Vortex-Codec is a Python library for neural lossless compression using compressive transformers + arithmetic coding. Use it as a package in your projects or via the provided CLI tools.

Installation

# Install in editable/development mode
pip install -e .

# Or install runtime requirements only
pip install -r requirements.txt

Quick usage (library)

import vortex
from vortex.models.optimized_transformer import OptimisedCompressiveTransformer

print(vortex.__version__)
model = OptimisedCompressiveTransformer()

Quick usage (CLI)

# Compress and decompress via installed console scripts
vortex-compress --model PATH_TO_MODEL --input file.bin --output file.vxc --config path/config.yaml
vortex-decompress --model PATH_TO_MODEL --input file.vxc --output recovered.bin --config path/config.yaml

Repository Layout

vortex-codec/
├── vortex/                              # core Python package
│   ├── models/
│   │   ├── __init__.py                  # re-exports all public symbols
│   │   ├── compressive_transformer.py   # base model (CompressiveTransformer)
│   │   └── optimized_transformer.py     # production model (OptimisedCompressiveTransformer)
│   ├── compression/
│   │   └── arithmetic_coding.py         # torchac encode/decode + BPD metric
│   ├── data/
│   │   └── dataset.py                   # make_loaders() for binary / HDF5 files
│   └── utils/
│       ├── training.py                  # LR schedule, checkpointing, EarlyStopping
│       └── zipnn.py                     # Huffman post-training weight compression
├── scripts/
│   ├── train.py                         # full training loop (CATWrapper, AMP, TensorBoard)
│   ├── compress.py                      # file → .vxc bitstream
│   ├── decompress.py                    # .vxc bitstream → file
│   ├── evaluate.py                      # BPD vs gzip / zlib / lzma baselines
│   └── compress_weights.py              # apply ZipNN compression to a checkpoint
├── experiments/
│   ├── atlas_experiment/                # ATLAS FTAG HDF5 -> .bin splits
│   ├── camel_experiment/                # CAMEL HDF5 -> raw + float32 .bin splits
│   ├── hepmc_experiment/                # ATLAS HEPMC tarballs -> .hepmc splits
│   ├── cms_experiment/                  # CMS NanoAOD ROOT -> padded float32 .bin
│   ├── cms_experiment_lg/               # Original large-dataset CMS pipeline
│   └── alice_experiment/                # ALICE ROOT -> padded float32 .bin
├── configs/                             # hardware-specific base configs
│   ├── colab_t4.yaml
│   ├── rtx4070_8gb.yaml
│   ├── default.yaml
│   ├── rtx4090_24gb.yaml
│   └── amd_mi300x.yaml
├── tests/
│   └── test_basic.py
└── docs/
    ├── ARCHITECTURE_COMPARISON.md       # v1 vs v3 component-by-component diff
    └── HARDWARE_GUIDE.md

Architecture

Overview

Vortex-Codec is a byte-level autoregressive model: given a stream of bytes it predicts a probability distribution over the next byte, and uses arithmetic coding (torchac) to encode/decode the stream losslessly. Lower predicted cross-entropy = better compression.
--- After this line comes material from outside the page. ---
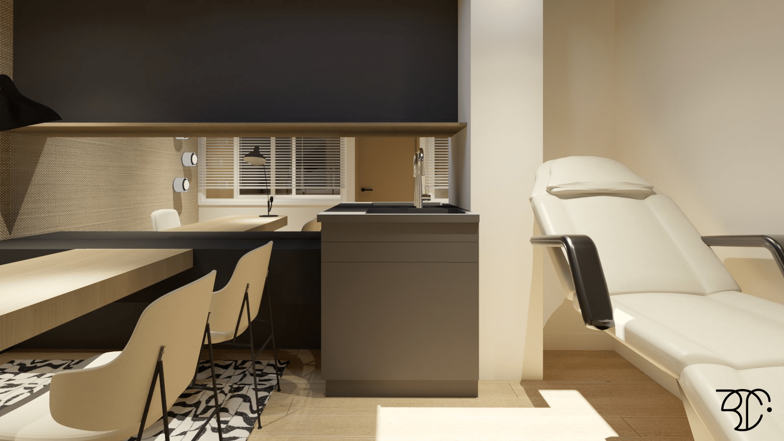 Les aménagements intérieurs ont été créés par l’architecte d’intérieur Constance Berthier, avec qui vous pourrez personnaliser votre bureau ou cabinet selon vos envies et besoins spécifiques (2h de rendez-vous conseil avec l’architecte sont inclus dans le prix).
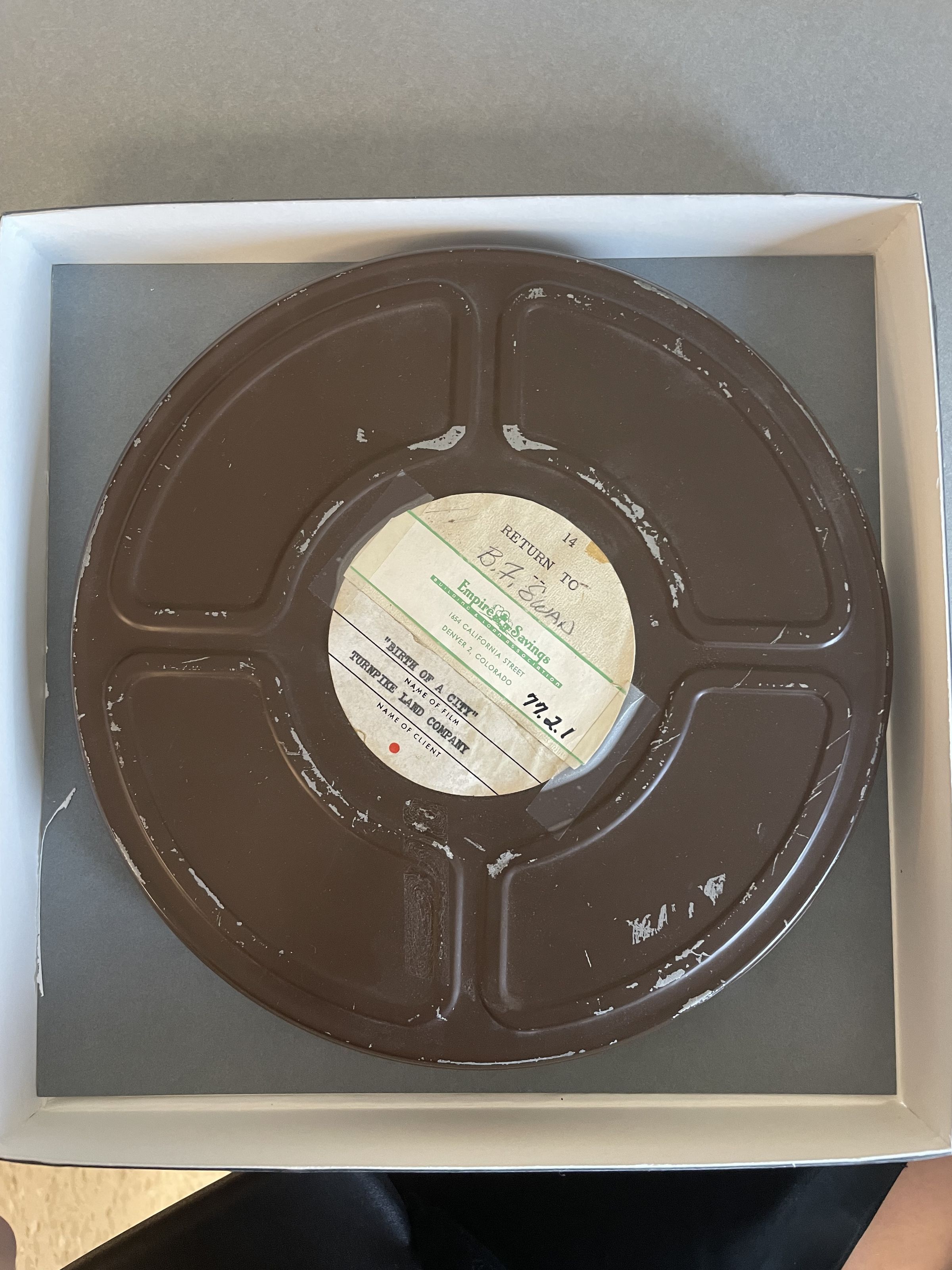 One 16mm film "Birth of a City." This film was used by Turnpike Land as a promotional for development of Broomfield. Narrated by Alex Drier and completed Nov. 23, 1956 and first used in New York at the National Association of Manufacturers in Dec. Also shown at House and Garden show in Denver.

The codebase contains two model variants, both in vortex/models/:

Class File Use
CompressiveTransformer compressive_transformer.py Reference / lightweight
OptimisedCompressiveTransformer optimized_transformer.py Production (Flash Attn2, KV cache, RMSNorm)
CATWrapper optimized_transformer.py Dynamic chunk scheduler wrapping either model

compressive_transformer.py — Base Model

TDTEmbedding

Per-type embedding for IEEE-754 float32 byte streams.
Each of the 4 byte positions within a float32 (mantissa-low through sign/exponent-high) gets its own nn.Embedding(256, d_model) lookup table, since they have very different entropy profiles. An additional learnable type_scale vector (softmax-normalised) gates each table's contribution.
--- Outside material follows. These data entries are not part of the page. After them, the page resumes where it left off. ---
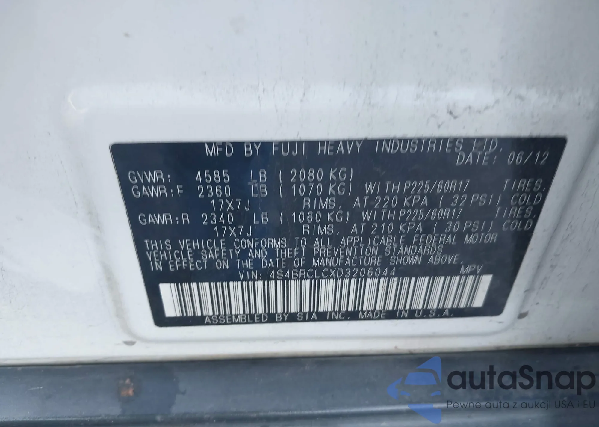 LOT: 43274132 VIN: 4S4BRCLCXD3206044
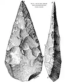- (Paléontologie) Outil et arme préhistorique constitué d’un nucléus de pierre taillée en ogive.
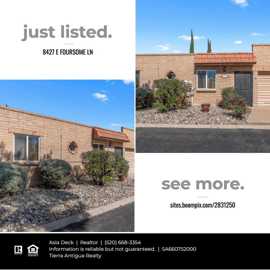 Welcome to 8427 E. Foursome Lane in the desirable Rolling Hills Villas! This charming 2 bedroom, 2 bathroom home offers a bright and open layout with a spacious living room perfect for relaxing or entertaining. Enjoy seamless indoor, outdoor living with three separate sliding glass doors leading from the private courtyard into the dining area, living room, and primary suite, filling the home with natural light and an airy feel. The extended length 1 car garage provides extra space for storage or a work area. Located near Rolling Hills Golf Course, shopping, and dining, this is low maintenance living in a prime location!

byte (0–255) ──► table[ t % 4 ]  (one of 4 typed tables, scale-gated)
                       ↓
                 h  (B, T, d_model)

LearnableTokenEviction (LTE)

Content-adaptive token selection replacing strided Conv1d downsampling.
A lightweight depthwise + pointwise scorer produces per-token importance scores; the top-k (where k = ceil(T / rate)) tokens are kept in original temporal order. A straight-through soft gate (sigmoid-weighted) keeps the operation end-to-end differentiable. A final Conv1d projection + LayerNorm produces the memory representation.

acts (B, T, D) ──► scorer ──► topk ──► soft-gate ──► proj+norm ──► (B, k, D)

MemoryManager

Thin wrapper around LearnableTokenEviction. Provides a .compress(acts) method used by attention layers to build compressed memory from past activations.

CompressiveAttention

Multi-head attention with two-tier memory:

  • Local stream: causal scaled_dot_product_attention over the current window (Q, K, V).
  • Memory stream: cross-attention from current queries into compressed past (Km, Vm from MemoryManager).
  • Infini-β gating: a per-head learnable scalar β = sigmoid(infini_beta) mixes the two streams: out = β·out_mem + (1−β)·out_local. Initialised at 0 (all local) so training starts stable.
  • Compressed memory is accumulated across chunks and capped at window // 2 tokens (oldest dropped).

SwiGLU

Gated feed-forward block (Shazeer 2020). No bias, no dropout.
out = down( silu(gate(x)) * up(x) ) — two parallel projections to d_ff, one is SiLU-activated and used as a gate.

TransformerBlock

LayerNormCompressiveAttention → residual → LayerNormSwiGLU → residual.

CompressiveTransformer

Full byte-level model:

  • Embedding: standard nn.Embedding or TDTEmbedding (use_tdt=True)
  • Sinusoidal PositionalEncoding (max 8192)
  • Stack of TransformerBlock layers
  • Final LayerNorm + linear projection to vocab logits
  • Optional per-layer gradient checkpointing (enable_gradient_checkpointing())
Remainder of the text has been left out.